Odpowiedź brzmi: nie. Sprawa jest w dużym stopniu związana z tym, o czym wspomniałem wcześniej, czyli z konstrukcją opony. Choć bieżnik jest częścią stykającą się z nawierzchnią, to właśnie on stanowi obszar, w którym można „podziałać”, jeśli coś się stanie - np. w oponie utkwi wkręt lub przedziurawi się w inny sposób.
Technologia naprawy w takiej sytuacji polega na usunięciu niepożądanego elementu, a następnie załataniu uszkodzenia - do tego celu używa się materiałów wulkanizacyjnych. Istnieje też metoda zwana sznurkowaniem, gdzie do likwidacji uszkodzenia używa się wulkanizacyjnego sznura butylowego - jest ona możliwa do wykonania we własnym zakresie, jako że nie jest wymagane ściągnięcie opony z felgi.
Należycie wykonane sznurkowanie (lub załatanie opony w zakładzie wulkanizacyjnym) pozwala na dalszą eksploatację opony w normalnych warunkach. Trzeba tu jednak dodać, że rozmiar uszkodzenia przed naprawą nie powinien przekraczać 5 mm średnicy. Wiele zakładów wulkanizacyjnych odmawia też napraw w przypadku opon typu RunFlat, a także w przypadku samochodów o wysokich osiągach - w obu tych przypadkach właściciela/użytkownika pojazdu może czekać wydatek związany z zakupem nowej opony lub opon.
Należy zaznaczyć, że poważniejsze uszkodzenia w obrębie bieżnika także nie są możliwe do naprawy - przykładowo jeśli opona zostanie uszkodzona w taki sposób, że klocek lub klocki bieżnika „odkleją się”, odsłaniając kord - taka opona nadaje się wyłącznie na śmietnik.
Opona uszkodzona z boku jest co do zasady nienaprawialna
Dotyczy to zarówno powstania charakterystycznych bąbli, jak i uszkodzeń innego typu, np. rozerwania czy odsłonięcia wewnętrznej konstrukcji w inny sposób. W zasadzie jedynym wyjątkiem, gdzie można znaleźć zakład, który podejmie się naprawy, jest nakłucie opony czymś bardzo cienkim, np. szpikulcem - nie jest to jednak naprawa tak szybka jak w przypadku tej przeprowadzanej przy bieżniku.

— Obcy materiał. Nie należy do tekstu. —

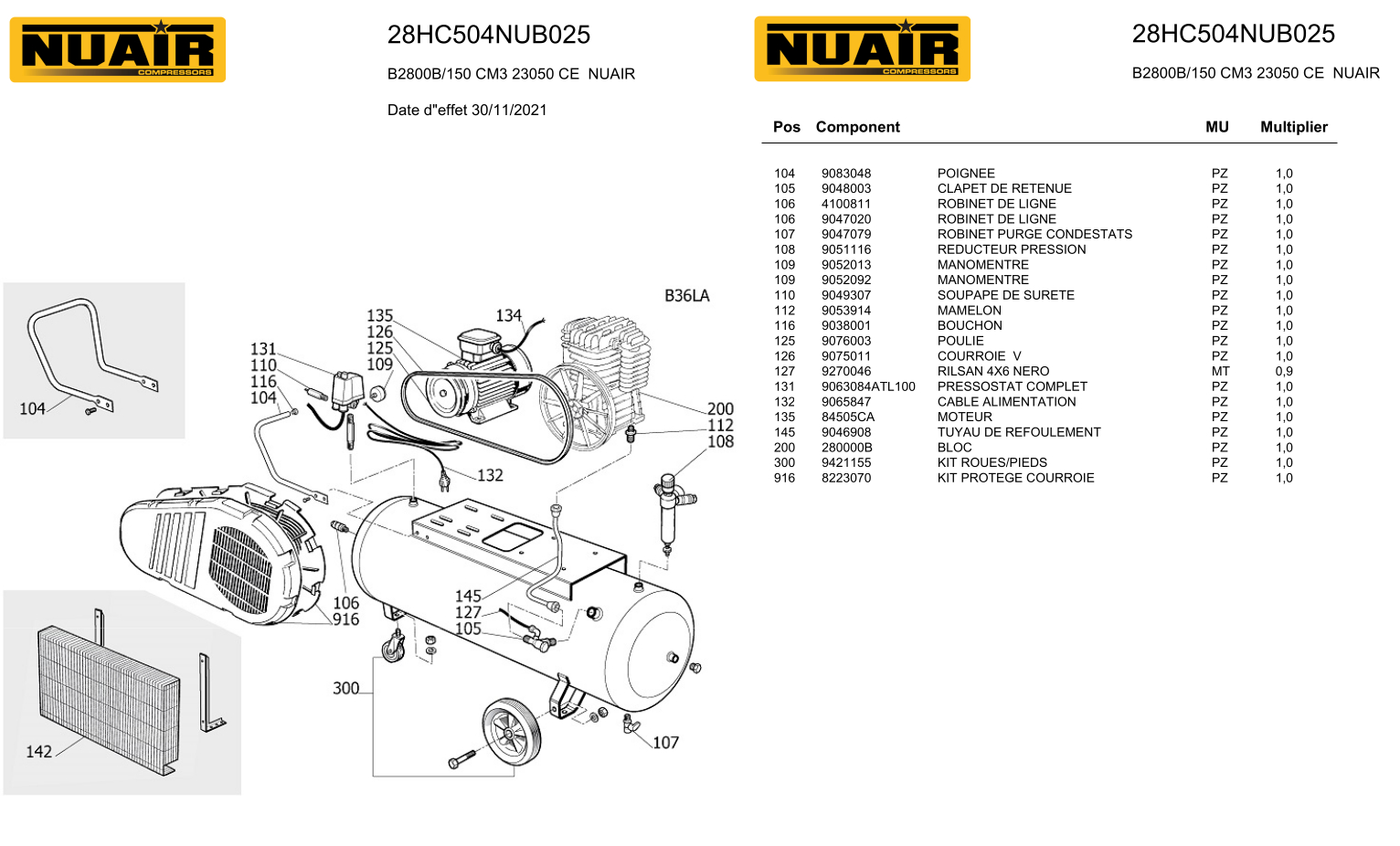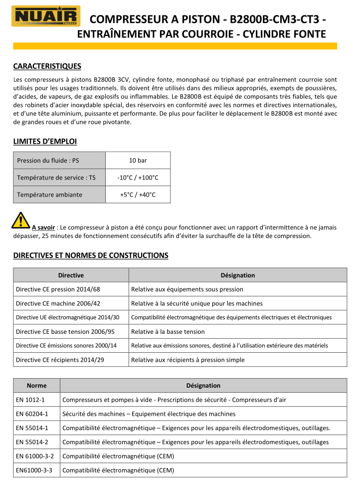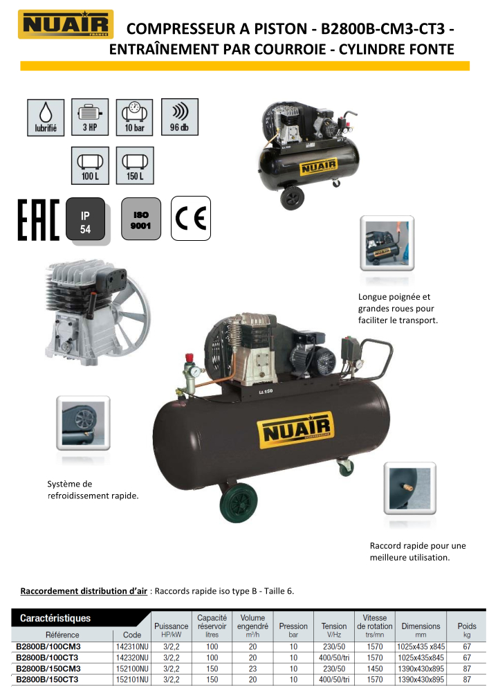 Le compresseur à piston NUAIR B2800B/150CM3 est équipé d’une tête en aluminium, cylindres fonte, très fiable et performante. Réservoir de 150 litres. Tension : 230 Vca.
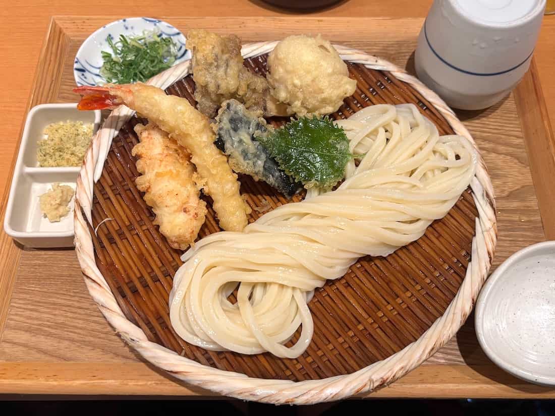 写真は冷たいざるうどん。濃い出汁に付けて食べるスタイル。
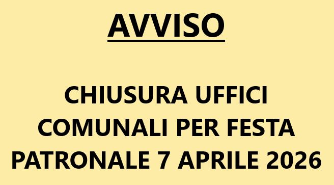 Si avvisa la cittadinanza che in occasione della festa patronale di martedì 7 aprile tutti gli ufficiali comunali resteranno chiusi.
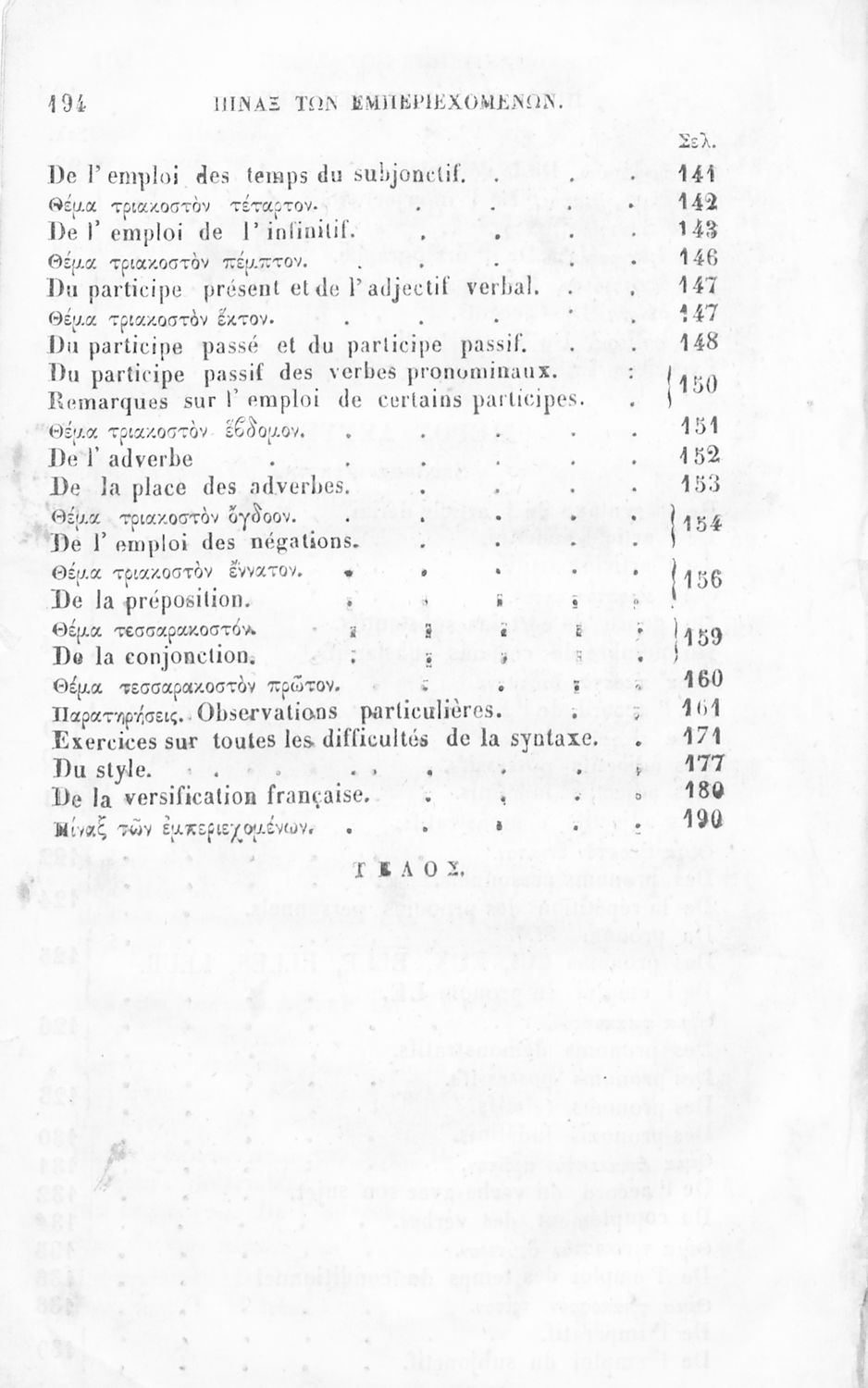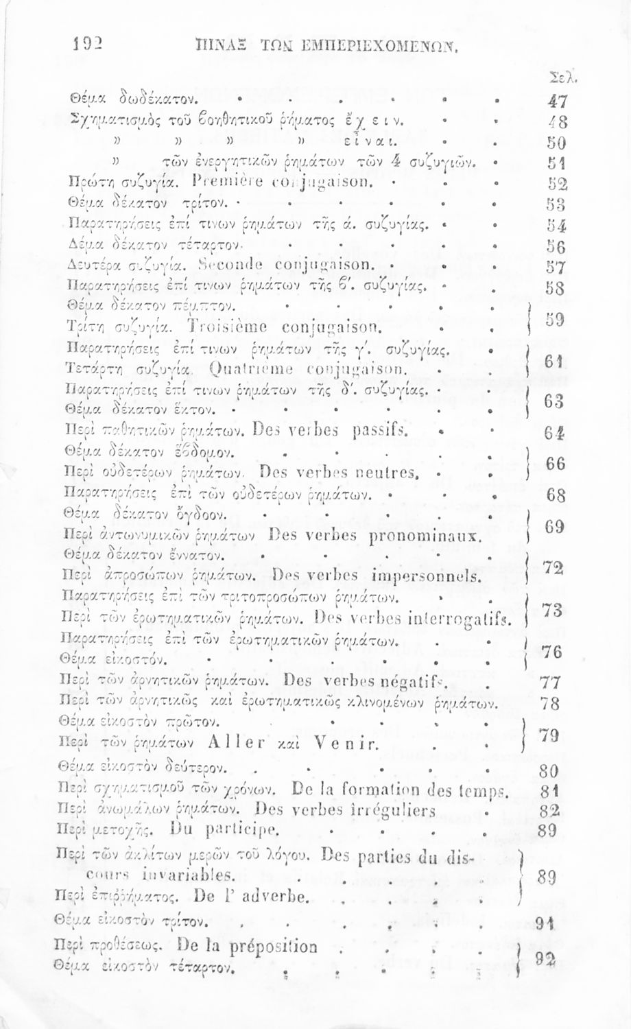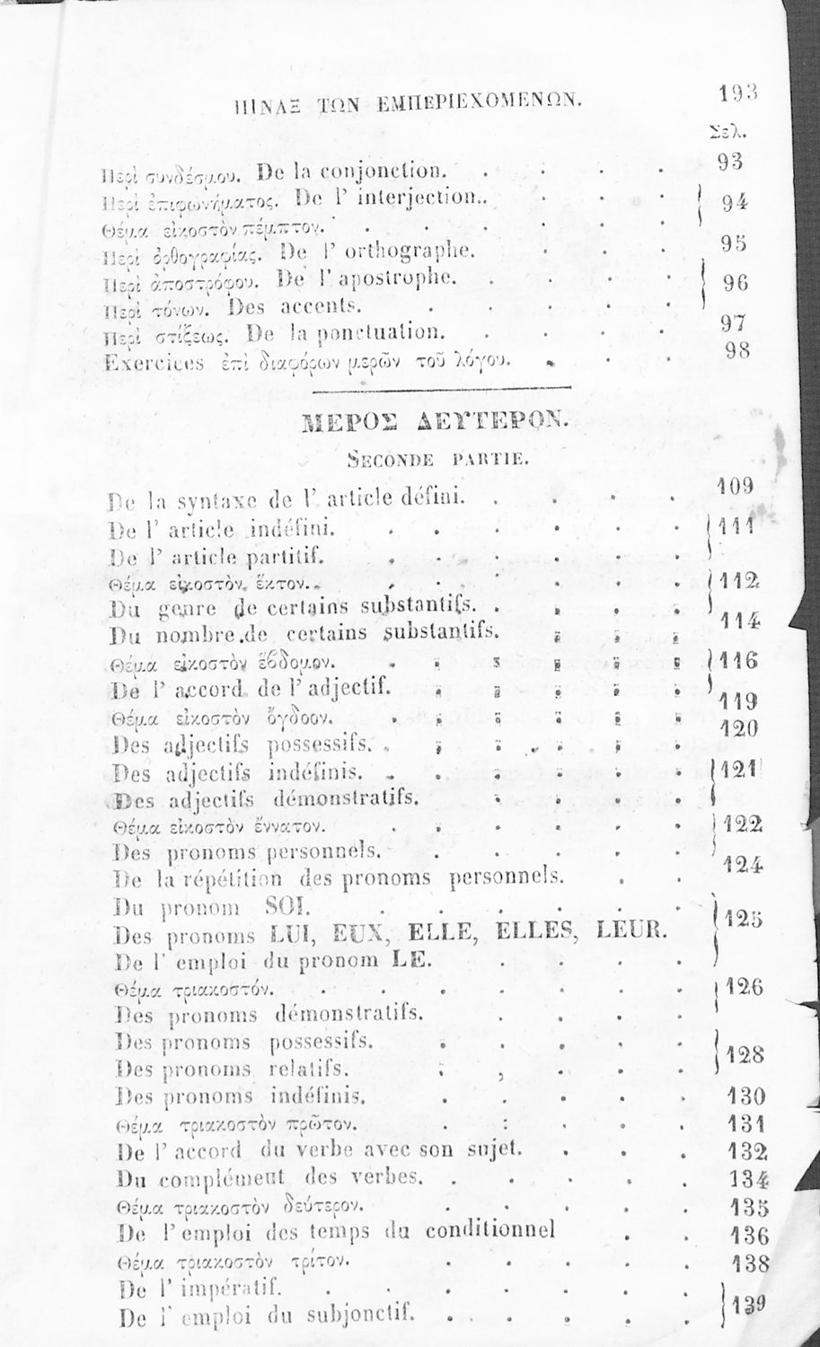 Γραμματική της Γαλλικής γλώσσας για τα Ελληνικά Σχολεία και Παρθεναγωγεία που αναλύει τα μέρη του λόγου και περιέχει παραδείγματα και ασκήσεις.
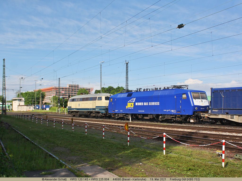 in Zug mit mehreren WRS-Loks an der RoLa-Verladung in Freiburg Gbf
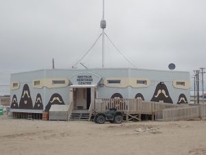 We stopped off at a Heritage Centre, where we all struggled to remove our boots in a cramped vestibule. We spent an enjoyable 3/4 hour shuffling through the very nice exhibition of Inuit life, which includes the Ship’s Bell of HMS Erebus.
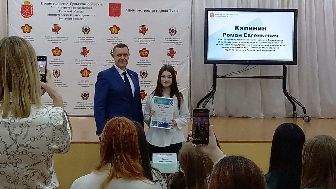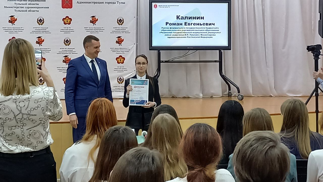 На встрече Морозов Владимир Борисович поддержал обучающихся в выборе профессии, настроил выпускников на дальнейшую работу. Нестерова Евгения Владимировна подробно рассказала о мерах поддержки молодых специалистов-медиков, осуществляемых в регионе. Калинин Роман Евгеньевич вручил обучающимся дипломы призёров Олимпиады РязГМУ для школьников по биологии.
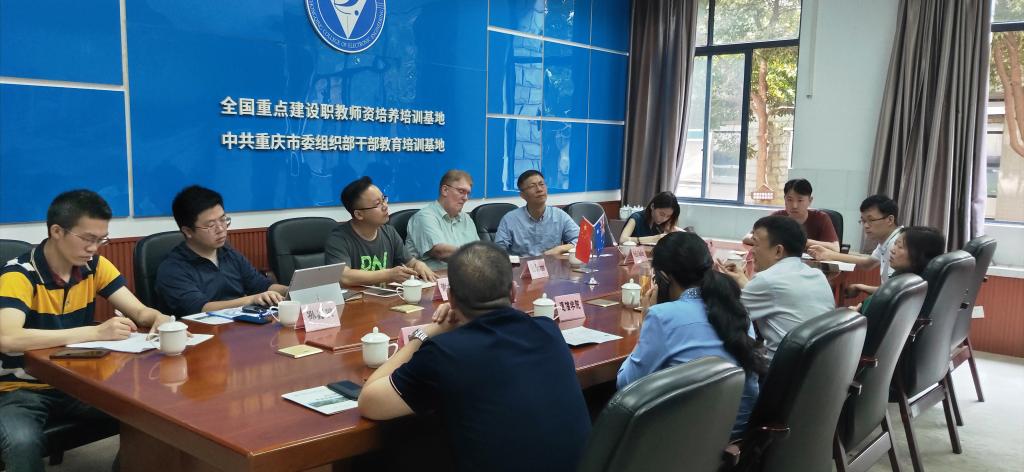 首先,国际交流与合作发展处处长莫绍强对来访的各位嘉宾表示热烈欢迎,介绍了学校的建校历史,专业特色及专业优势,我校在职业类院校排名全国50强,特色专业排名全国第6彰显了重电的势力,给与会者留下了深刻的印象。随后由重教国际副秘书长谢世波,就中外人文交流(重庆)试验园区签约建设、百富学院邹院长以及重教国际澳洲基地Robert主任的国际教育资料做了介绍。同时,Robert针对性的介绍了澳洲在通信领域、健康领域的资源优势。百富学院副院长Prof. Zou Changzheng也同步分析了通信人才及健康领域人才在澳洲长期存在巨大需求。

Wszelkie inne próby naprawiania ogumienia uszkodzonego z boku nie tylko są niezalecane, ale po prostu skrajnie odradzane - a każdy, kto się tego podejmuje lub, o zgrozo, proponuje to klientom, powinien... powinien przestać. Wybaczcie, przypomniałem sobie, że nie bardzo wypada używać tu niecenzuralnego słownictwa.
Zadbaj trochę o opony
Zapomnij o gwałtownym atakowaniu krawężników czy o jeździe przez największe dziury i wyrwy jakby jutra miało nie być. To znacznie zwiększa ryzyko nieodwracalnego uszkodzenia opon. Ale jeśli już z jakiegoś powodu skończysz z uszkodzoną z boku oponą - mentalnie przygotuj się na większy wydatek. Nie bądź sknerą i nie próbuj szukać głupich oszczędności. Po prostu wymień oponę lub opony.